Cette ville du nord du pays est passée sous le joug des jihadistes en 2012 « dans le contexte d’une attaque généralisée et systématique commis par [d]es groupes armés contre la population civile de Tombouctou et de sa région », selon la Cour.

Esclavage sexuel

Al Hassan, 43 ans, est un touareg membre de la tribu des Kel Ansar. Il aurait appartenu au groupe jihadiste Ansar Eddine, qui a fait régner la charia à Tombouctou entre avril 2012 et janvier 2013 aux côtés d’Al-Qaïda au Maghreb islamique (AQMI).

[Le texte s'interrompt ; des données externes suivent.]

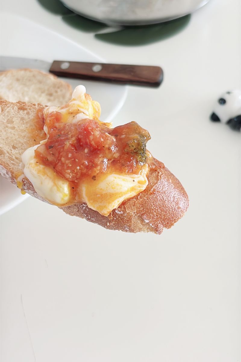 5️⃣ 기다리는 동안 에어프라이어에 바게트를 데우면 완성!
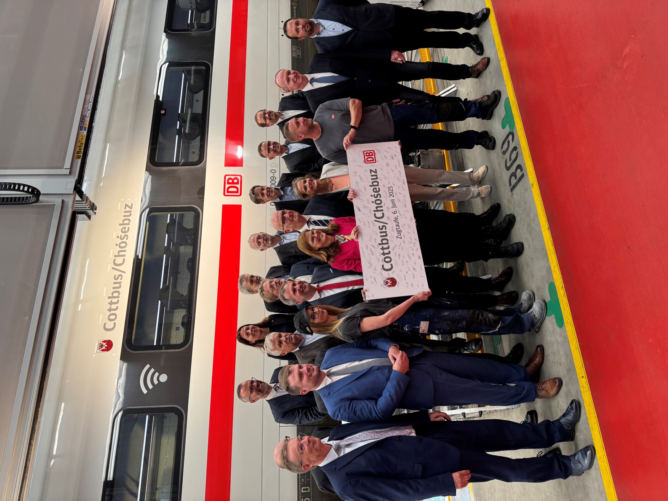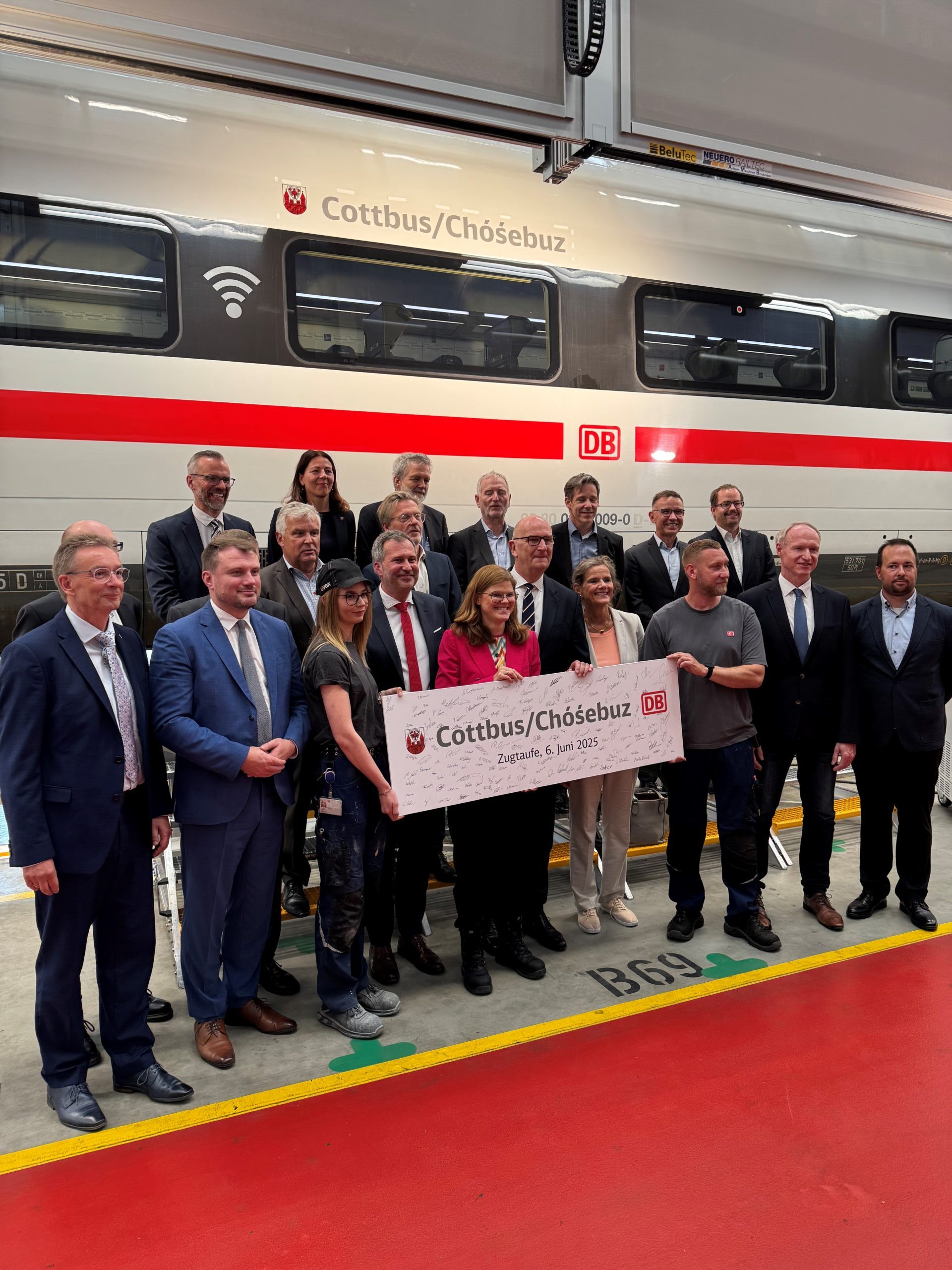 Regionaltypisch mit Spreewälder Gurkenwasser wurde der ICE-Triebzug 9009 im neuen Werk der DB in Cottbus/Chóśebuz getauft. Brandenburgs Ministerpräsident Dr. Dietmar Woidke, der Cottbuser Oberbürgermeister Tobias Schick, Dr. Daniela Gerd tom Markotten, DB-Vorständin für Digitalisierung und Technik, und Angelina Tantow, Fahrzeuglackiererin in Ausbildung im neuen Werk Cottbus, enthüllten gemeinsam das Stadtwappen und Schriftzug „Cottbus / Chóśebuz“. Diese sind jetzt rechts und links an beiden Spitzen des rund 350 Meter langen ICE zu sehen.
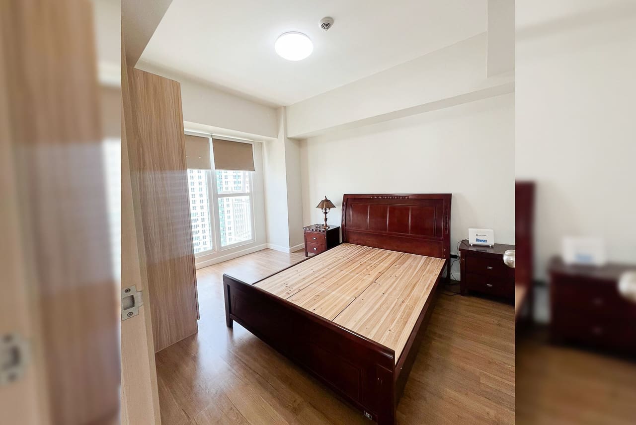 • Spacious bedroom with wooden bed frame and nightstands
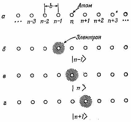 Фиг. 11.1. Базисные состояния электрона в одномерной решетке.
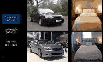 这个新的生成器架构能够将不同的样式,注入到合成网络不同层的相同图像中。在训练期间,我们通过映射网络运行了两个潜在代码和
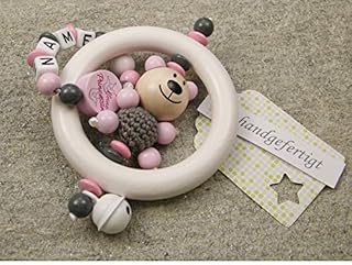 Baby Greifling Rassel Beißring mit Namen - individuelles Holz Lernspielzeug als Geschenk zur Geburt Taufe - Mädchen Motiv Bär und Herz in rosa
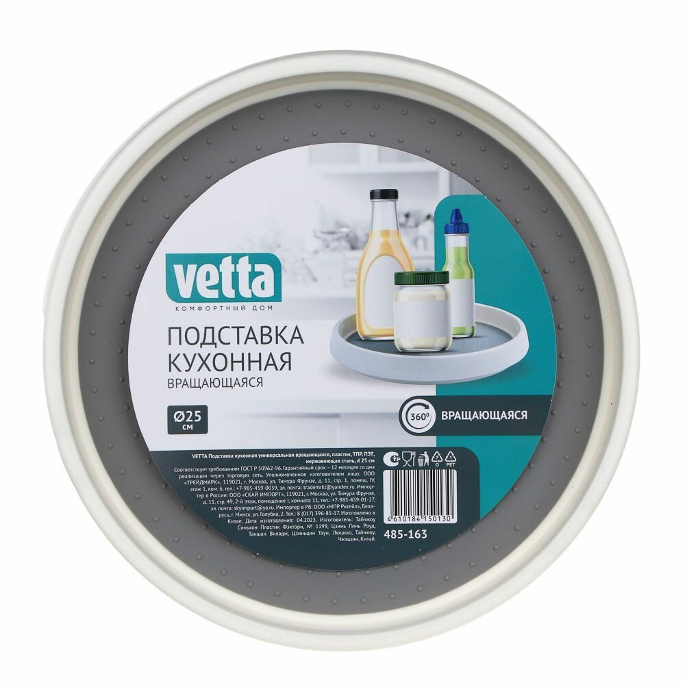 Ниже Вы можете прочитать отзывы на Подставка кухонная универсальная вращающаяся d. 25 см VETTA, пластик, ознакомится с подробными характеристиками, посмотреть интересные обзоры и фотографии на Подставка кухонная универсальная вращающаяся d. 25 см VETTA, пластик.
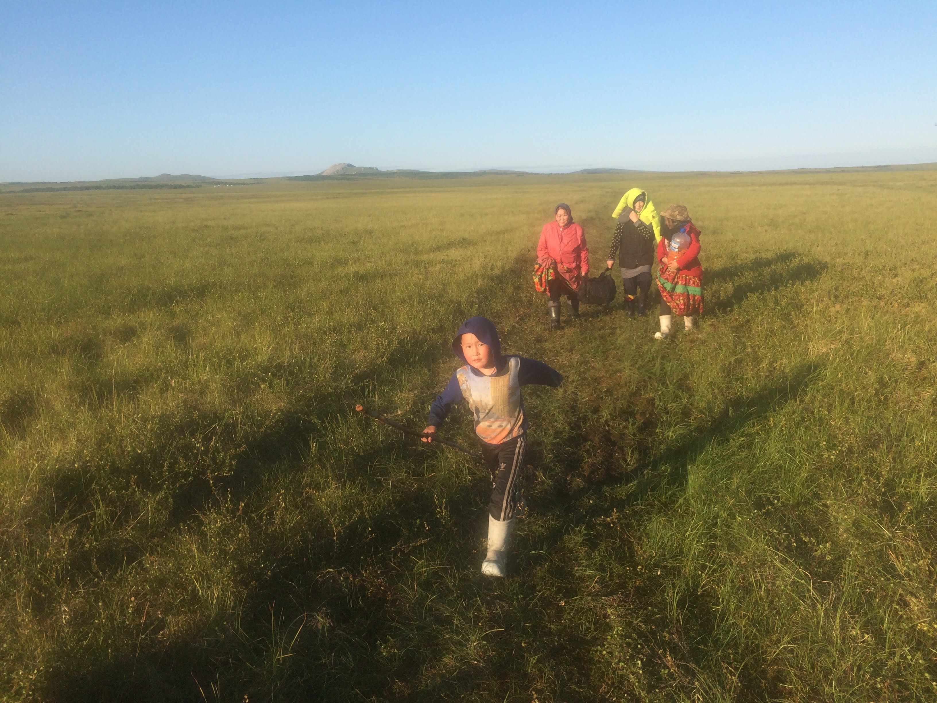 The trek to our next destination was arduous. The family we just left gave me and Kerith some galoshes to navigate the wetlands. Half way through, Irina told me she expected we were done with the soggy parts, and I changed back to my boots, but her memory must have failed her, and the terrain became extremely uneven, difficult to walk through, with heavy underbrush, and like a bog in places. Kerith stayed dry but rubbed his heel to an open wound, and so was in agony.
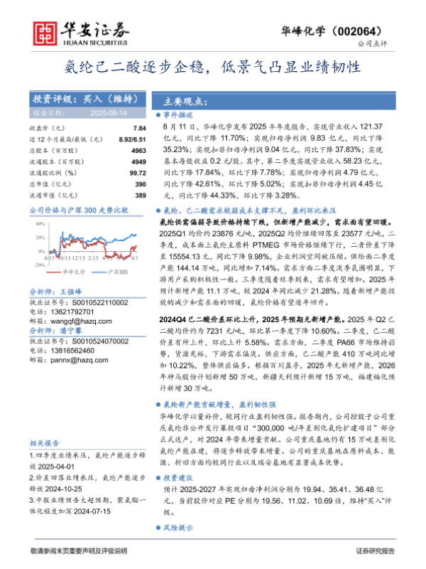 【华安证券】【20250814】氨纶己二酸逐步企稳_低景气凸显业绩韧性-4页 证券期货研究报告
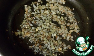 Лук режем кубиками и обжариваем на подсолнечном масле до золотистости. Оставляем остывать.
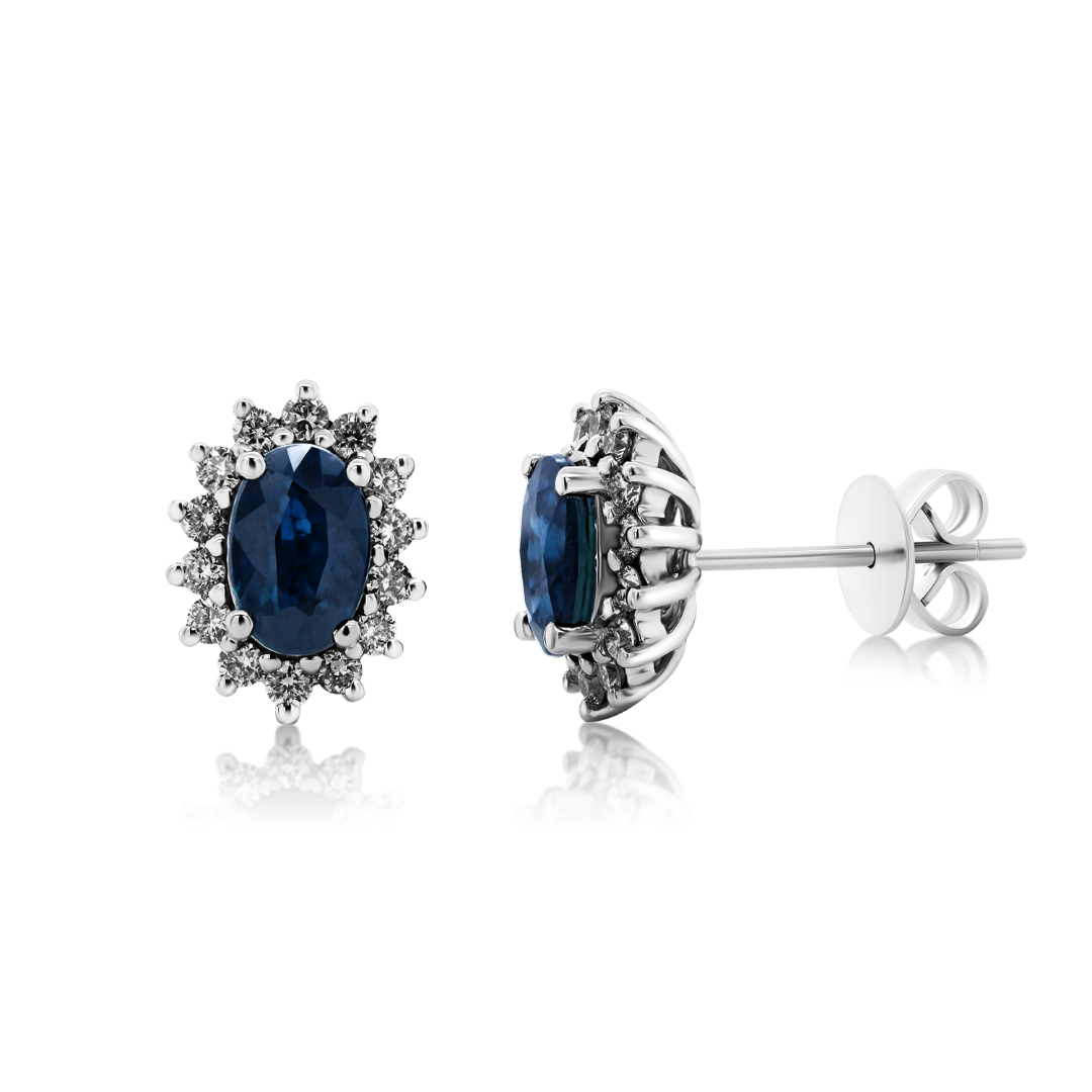 Cercei din aur alb de 14K, cu Diamante și Safire albastre
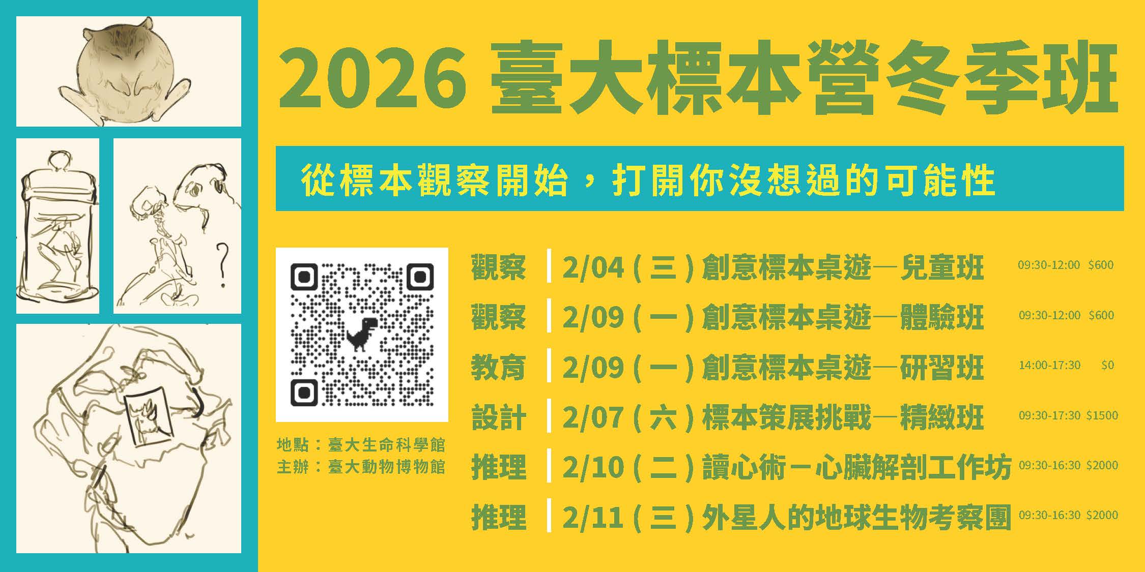 國立臺灣大學動物博物館:自即日起【「2026 臺大標本研習營-冬季班」報名】
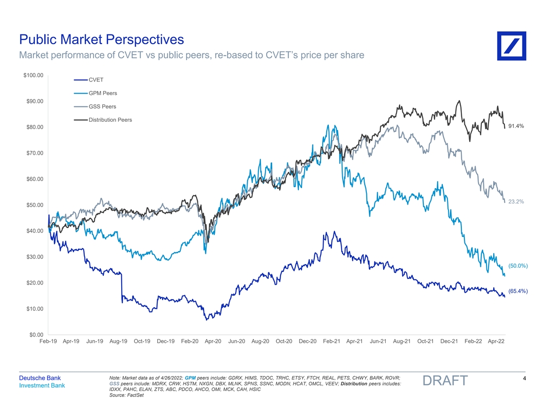 Public Market Perspectives Market performance of CVET vs public peers, re-based to CVET’s price per share $100.00 CVET GPM Peers $90.00 GSS Peers Distribution Peers 91.4% $80.00 $70.00 $60.00 23.2% $50.00 $40.00 $30.00 (50.0%) $20.00 (65.4%) $10.00 $0.00 Feb-19 Apr-19 Jun-19 Aug-19 Oct-19 Dec-19 Feb-20 Apr-20 Jun-20 Aug-20 Oct-20 Dec-20 Feb-21 Apr-21 Jun-21 Aug-21 Oct-21 Dec-21 Feb-22 Apr-22 Note: Market data as of 4/26/2022; GPM peers include: GDRX, HIMS, TDOC, TRHC, ETSY, FTCH, REAL, PETS, CHWY, BARK, ROVR; Deutsche Bank 4 GSS peers include: MDRX, CRW, HSTM, NXGN, DBX, MLNK, SPNS, SSNC, MODN, HCAT, OMCL, VEEV; Distribution peers includes: DRAFT Investment Bank IDXX, PAHC, ELAN, ZTS, ABC, PDCO, AHCO, OMI, MCK, CAH, HSIC Source: FactSet 81nidZpGqzkSDMpD

En œuvrant au sein du tribunal islamique, il aurait participé à l’exécution de décisions menant à la destruction des mausolées et à la politique de mariages forcés conclus entre des combattants et des femmes de Tombouctou, bien souvent synonymes de viols et d’esclavage sexuel. Des accusations de torture et d’actes cruels pèsent également sur le Malien.

Après son arrestation par les troupes françaises de la force Barkhane, il fut remis à la CPI en mars 2018 par les autorités maliennes en exécution d’un mandat d’arrêt délivré par la Cour. C’est la première fois qu’un individu est ainsi poursuivi devant cette juridiction internationale pour des crimes contre des personnes physiques commis durant la guerre au Mali.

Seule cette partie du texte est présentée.